6.1.1 Security Architecture Secrets.
Discussions of secure coprocessor technology usually begin with "physical attack zeroizes secrets." Our security architecture must begin by ensuring that tamper actually destroys secrets that actually meant something. We do this with three main techniques:
* The secrets go away with physical attack. Section 6.2 presents our tamperdetection circuitry and protocol techniques. These ensure that physical attack results in the actual zeroization of sensitive memory.
* The secrets started out secret. Section 6.3 presents our factory initialization and regeneration/recertification protocols. These ensure that the secrets, when first established, were neither known nor predictable outside the card, and do not require assumptions of indefinite security of any given key pair.
* The secrets stayed secret despite software attack. Section 6.4 presents our hardware ratchet lock techniques. These techniques ensure that, despite arbitrarily bad compromise of rewritable software, sufficiently many secrets remain to enable recovery of the device.

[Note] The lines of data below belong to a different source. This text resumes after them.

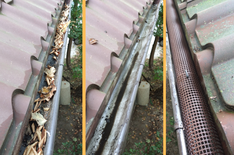 Usługa usuwania liści, brudu i zanieczyszczeń z rynien.
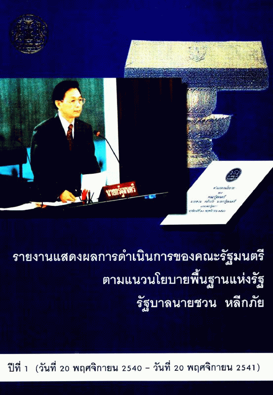 รายงานแสดงผลการดำเนินการของคณะรัฐมนตรี ตามแนวนโยบายพื้นฐานแห่งรัฐ รัฐบาลนายชวน หลีกภัย ปีที่ 1 (วันที่ 20 พฤศจิกายน 2540 - วันที่ 20 พฤศจิกายน 2541) / สำนักเลขาธิการคณะรัฐมนตรี.
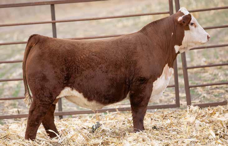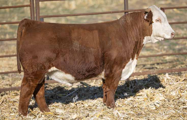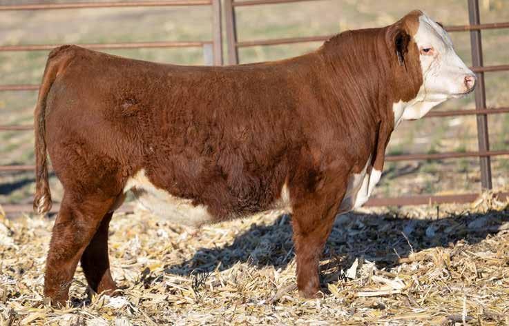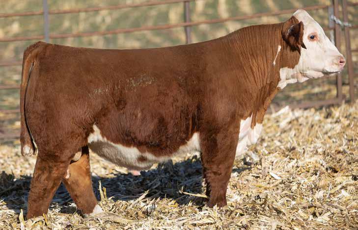 Polled, Partially Pigmented. Out of one of our favorite cows!! This bull has a set of figures now. I’d feel confident in using him on heifers. The Thomas County progeny are extremely efficient on feed. His EPD’s have had a recent boost due to feed efficiency testing at Schu-Lar Polled Herefords. Pay SPECIAL attention to who this bull’s mom is! Top 1% $CHB, Top 1% CWT, Top 1% UDDER, Top 2% SC, Top 2%
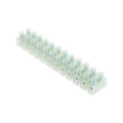 Regleta con clemas de conexión a tornillo, fabricada en poliamida flexible. Consta de 12 conectores aptos para cable rígido/flexible con sección desde 2.5 hasta 6mm²
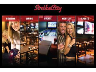 Bowling, dining, night life & private events. Next Generation Bowling! StrikeCity features a bowling experience like none other. Everything about bowling at StrikeCity is high tech and cutting edge. The furniture is stylish and comfortable and you will get nothing but excellent food, service and hospitality.
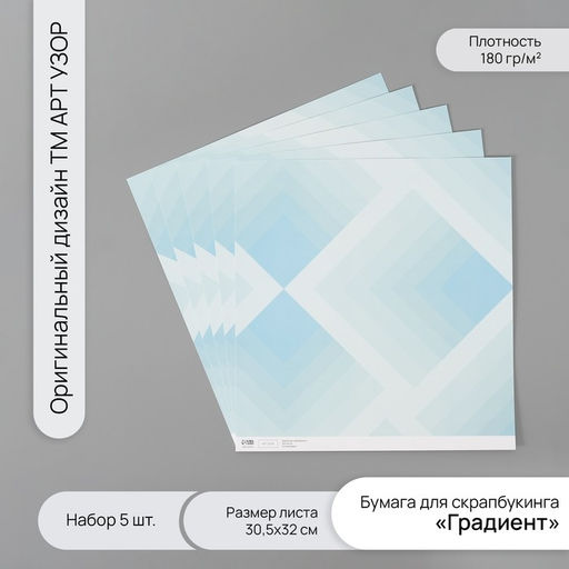 • Бумага для скрапбукинга «Градиент», плотность 180 г, набор 5 шт., 30.5×32 см
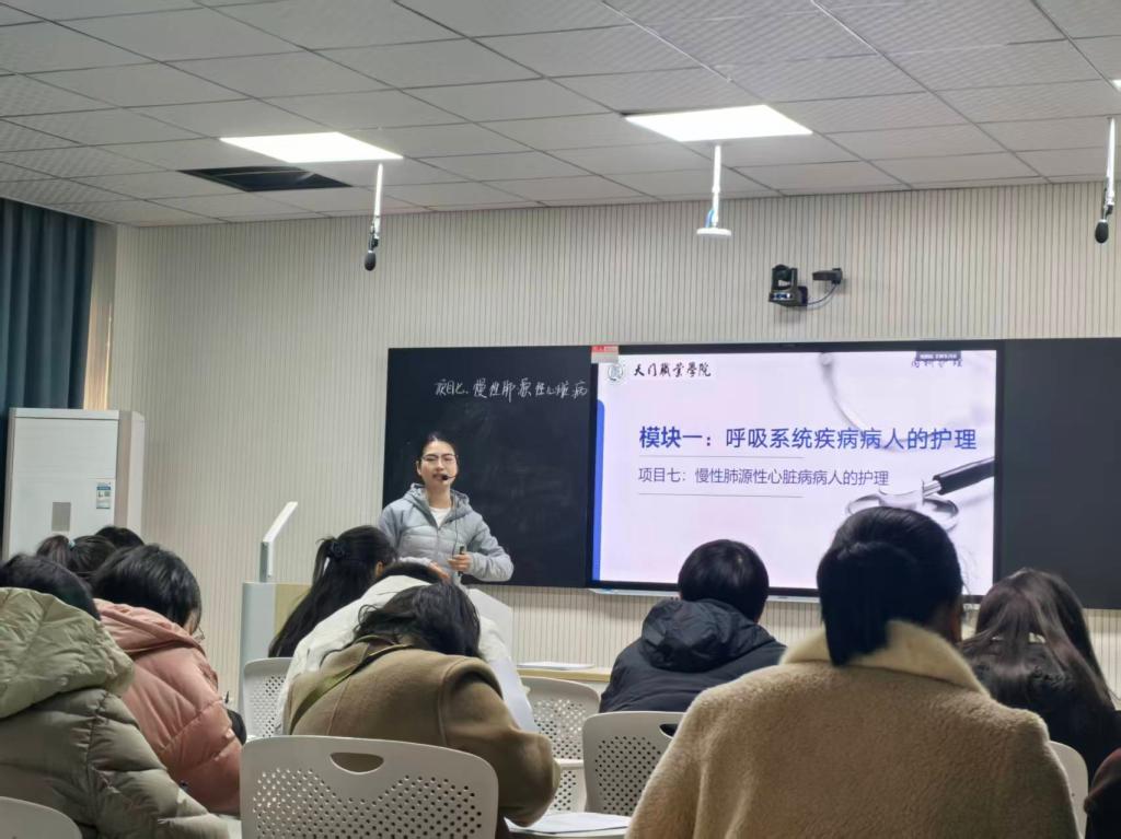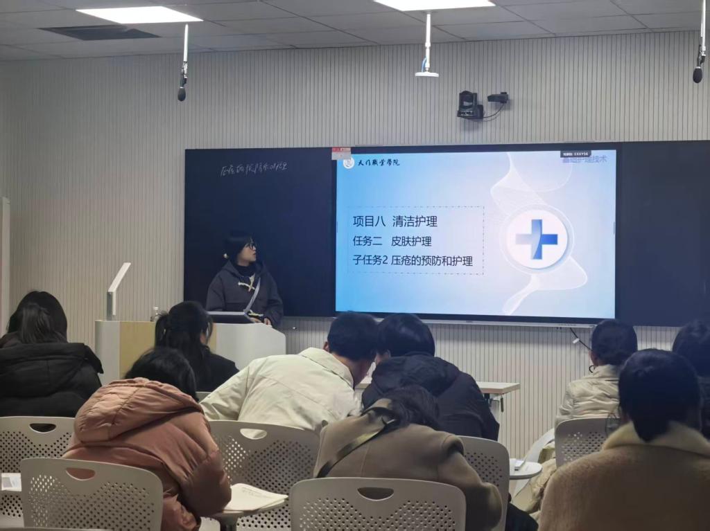 汇报课上,四位主讲教师结合专业课程特点,精心设计教学内容、创新教学方法。邓典典老师以“跌倒评估”为核心,讲授《老年综合能力评估》课程要点;刘以萱老师聚焦《内科护理学》中“慢性肺源性心脏病患者的护理”,注重理论与临床实践结合;刘航志老师在《人体形态结构》课堂上,以“心”为教学重点,通过清晰讲解助力学生构建知识体系;易林洁老师围绕《基础护理学》“压疮的预防和护理”内容,强化实操技能指导。授课过程中,老师们教态自然、逻辑清晰,充分展现了近期“传帮带”培养的阶段性成果,也彰显了自身的教学潜力与风采。

Code. Second, we must ensure that code is loaded and updated in a safe way. Discussions of code-downloading usually begin with "just sign the code." However, focusing on code-signing alone neglects several additional subtleties that this security architecture must address. Further complications arise from the commercial requirement that this architecture accommodate a pool of mutually suspicious developers, who produce code that is loaded and updated in the hostile field, with no trusted couriers.